WORK ITEM → In the entries below, find the line with "Brasserie-serien er fremstillet" and transcribe it and every line after it exactly, through the last line, without pictures.

ENTRIES SUPPLIED →
■ ■ ■ ■

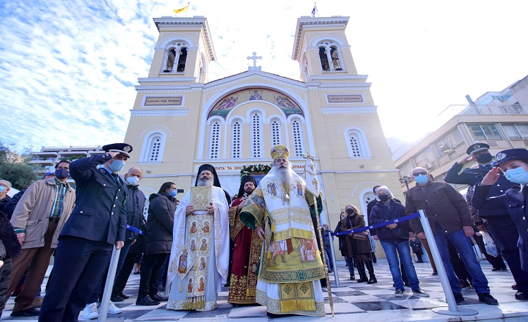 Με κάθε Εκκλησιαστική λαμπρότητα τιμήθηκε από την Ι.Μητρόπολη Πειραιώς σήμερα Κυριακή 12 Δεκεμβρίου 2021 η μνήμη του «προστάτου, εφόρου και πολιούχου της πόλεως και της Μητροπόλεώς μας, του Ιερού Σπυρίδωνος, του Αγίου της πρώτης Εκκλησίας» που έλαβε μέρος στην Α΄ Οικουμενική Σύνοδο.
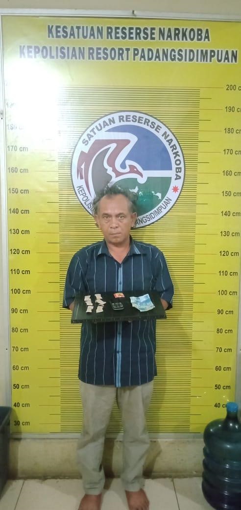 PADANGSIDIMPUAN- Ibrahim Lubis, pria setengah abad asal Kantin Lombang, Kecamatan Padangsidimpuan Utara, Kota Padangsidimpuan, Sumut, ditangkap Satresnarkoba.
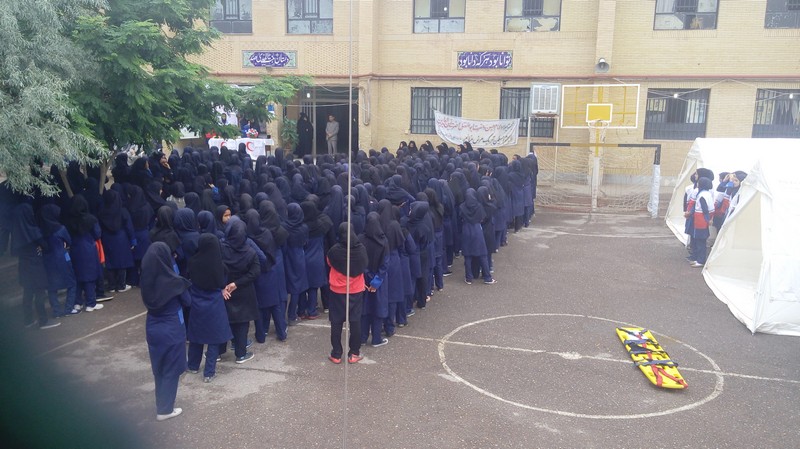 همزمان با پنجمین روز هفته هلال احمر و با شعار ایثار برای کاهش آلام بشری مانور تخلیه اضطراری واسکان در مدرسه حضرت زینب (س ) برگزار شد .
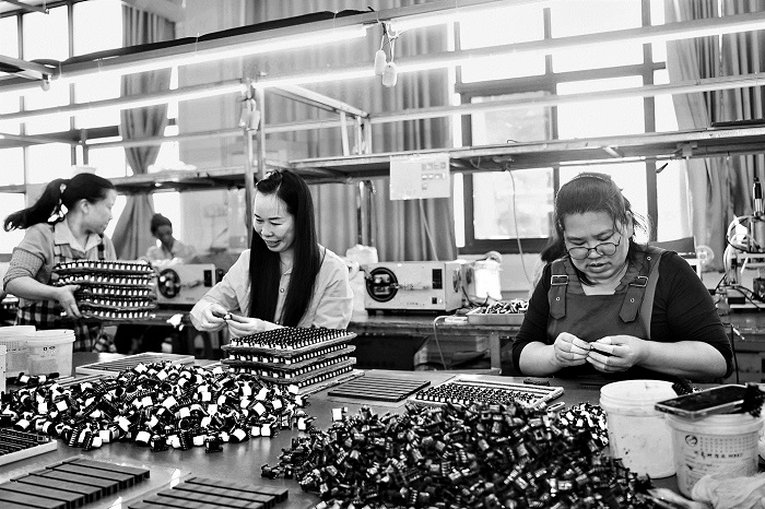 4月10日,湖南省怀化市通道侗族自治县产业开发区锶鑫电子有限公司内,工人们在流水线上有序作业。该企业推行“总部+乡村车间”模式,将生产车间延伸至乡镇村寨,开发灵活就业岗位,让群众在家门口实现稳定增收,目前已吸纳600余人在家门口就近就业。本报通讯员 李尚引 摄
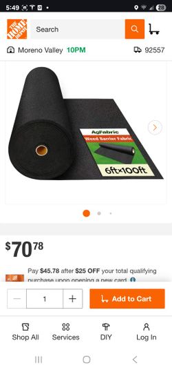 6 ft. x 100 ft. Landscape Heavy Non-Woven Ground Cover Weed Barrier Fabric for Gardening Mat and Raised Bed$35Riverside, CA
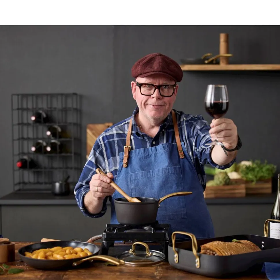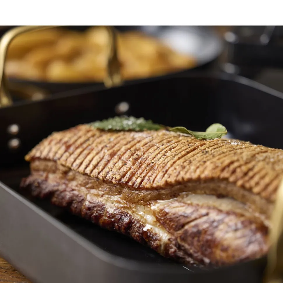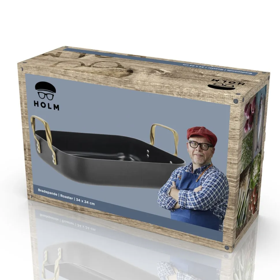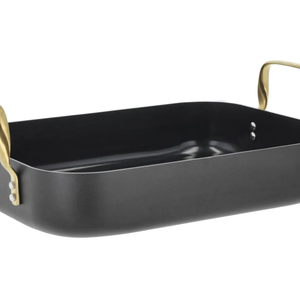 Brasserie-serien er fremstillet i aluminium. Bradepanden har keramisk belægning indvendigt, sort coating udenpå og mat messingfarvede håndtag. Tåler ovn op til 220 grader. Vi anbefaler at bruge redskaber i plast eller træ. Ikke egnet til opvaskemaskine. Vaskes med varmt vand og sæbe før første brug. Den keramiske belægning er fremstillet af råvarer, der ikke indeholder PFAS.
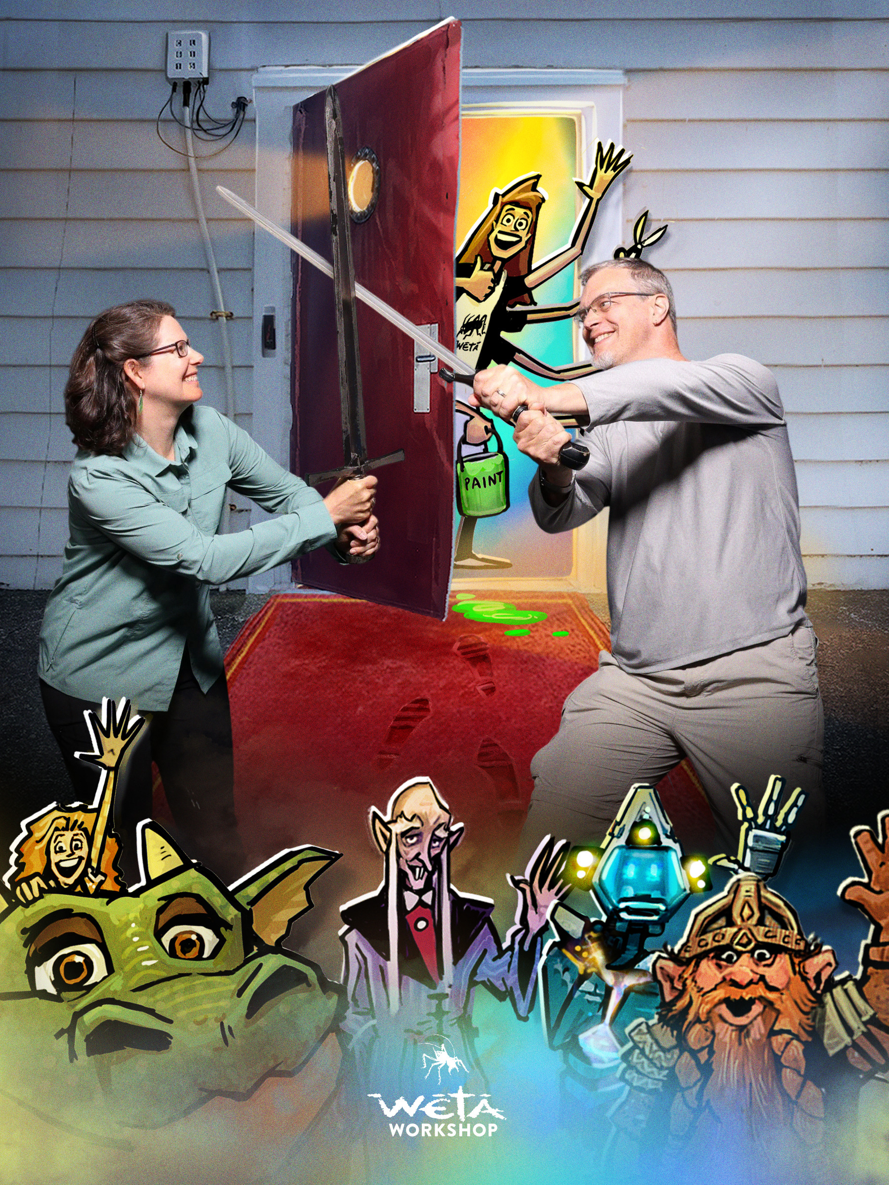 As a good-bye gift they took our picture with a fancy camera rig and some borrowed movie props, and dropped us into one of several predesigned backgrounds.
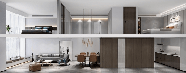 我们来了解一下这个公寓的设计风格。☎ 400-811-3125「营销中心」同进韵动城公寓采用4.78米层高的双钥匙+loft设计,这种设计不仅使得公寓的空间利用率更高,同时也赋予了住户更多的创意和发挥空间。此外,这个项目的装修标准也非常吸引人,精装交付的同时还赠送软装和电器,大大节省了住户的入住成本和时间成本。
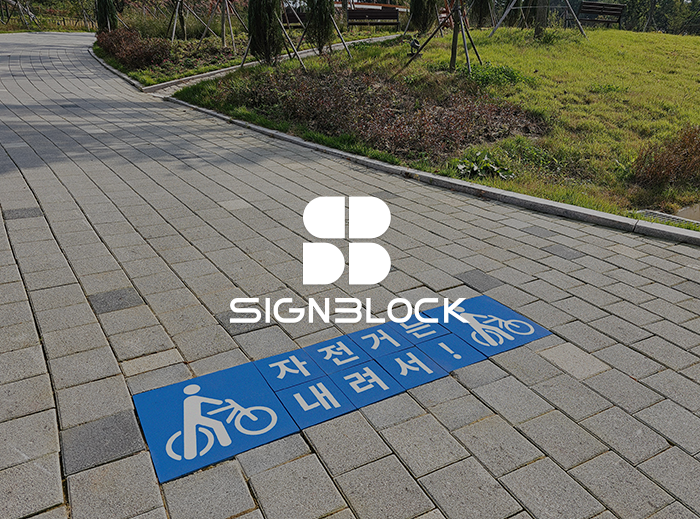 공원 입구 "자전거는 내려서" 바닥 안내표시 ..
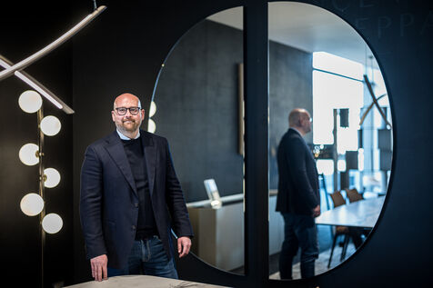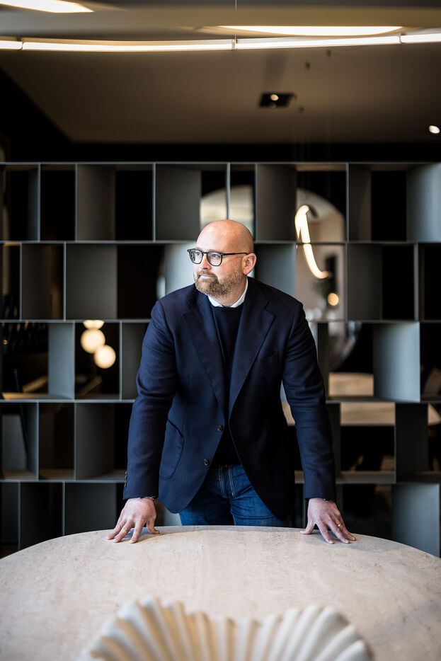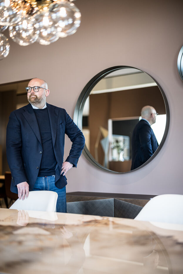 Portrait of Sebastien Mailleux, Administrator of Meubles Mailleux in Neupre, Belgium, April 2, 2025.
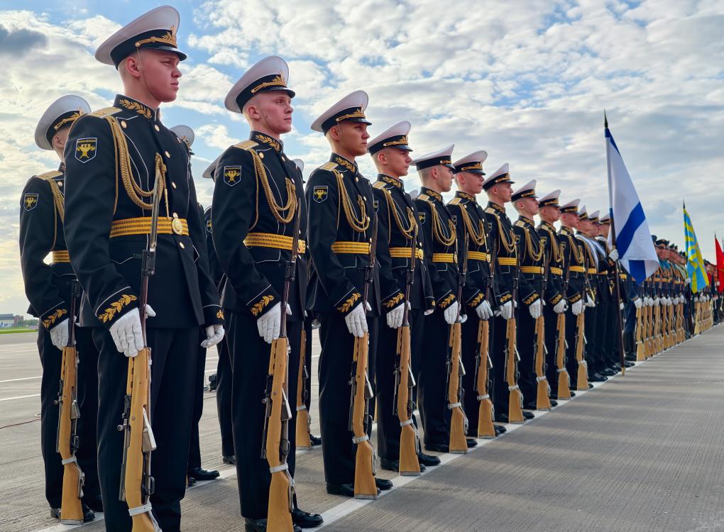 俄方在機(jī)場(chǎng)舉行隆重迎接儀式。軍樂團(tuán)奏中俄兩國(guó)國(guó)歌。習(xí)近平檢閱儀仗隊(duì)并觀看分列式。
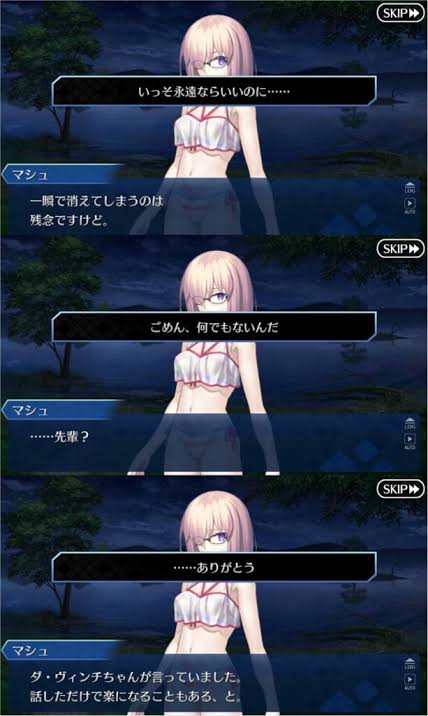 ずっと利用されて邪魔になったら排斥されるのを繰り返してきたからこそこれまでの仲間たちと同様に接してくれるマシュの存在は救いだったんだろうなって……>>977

■ ■ ■ ■

ANSWER TO THIS PROBLEM →
 Brasserie-serien er fremstillet i aluminium. Bradepanden har keramisk belægning indvendigt, sort coating udenpå og mat messingfarvede håndtag. Tåler ovn op til 220 grader. Vi anbefaler at bruge redskaber i plast eller træ. Ikke egnet til opvaskemaskine. Vaskes med varmt vand og sæbe før første brug. Den keramiske belægning er fremstillet af råvarer, der ikke indeholder PFAS.
 As a good-bye gift they took our picture with a fancy camera rig and some borrowed movie props, and dropped us into one of several predesigned backgrounds.
 我们来了解一下这个公寓的设计风格。☎ 400-811-3125「营销中心」同进韵动城公寓采用4.78米层高的双钥匙+loft设计,这种设计不仅使得公寓的空间利用率更高,同时也赋予了住户更多的创意和发挥空间。此外,这个项目的装修标准也非常吸引人,精装交付的同时还赠送软装和电器,大大节省了住户的入住成本和时间成本。
 공원 입구 "자전거는 내려서" 바닥 안내표시 ..
 Portrait of Sebastien Mailleux, Administrator of Meubles Mailleux in Neupre, Belgium, April 2, 2025.
 俄方在機(jī)場(chǎng)舉行隆重迎接儀式。軍樂團(tuán)奏中俄兩國(guó)國(guó)歌。習(xí)近平檢閱儀仗隊(duì)并觀看分列式。
 ずっと利用されて邪魔になったら排斥されるのを繰り返してきたからこそこれまでの仲間たちと同様に接してくれるマシュの存在は救いだったんだろうなって……>>977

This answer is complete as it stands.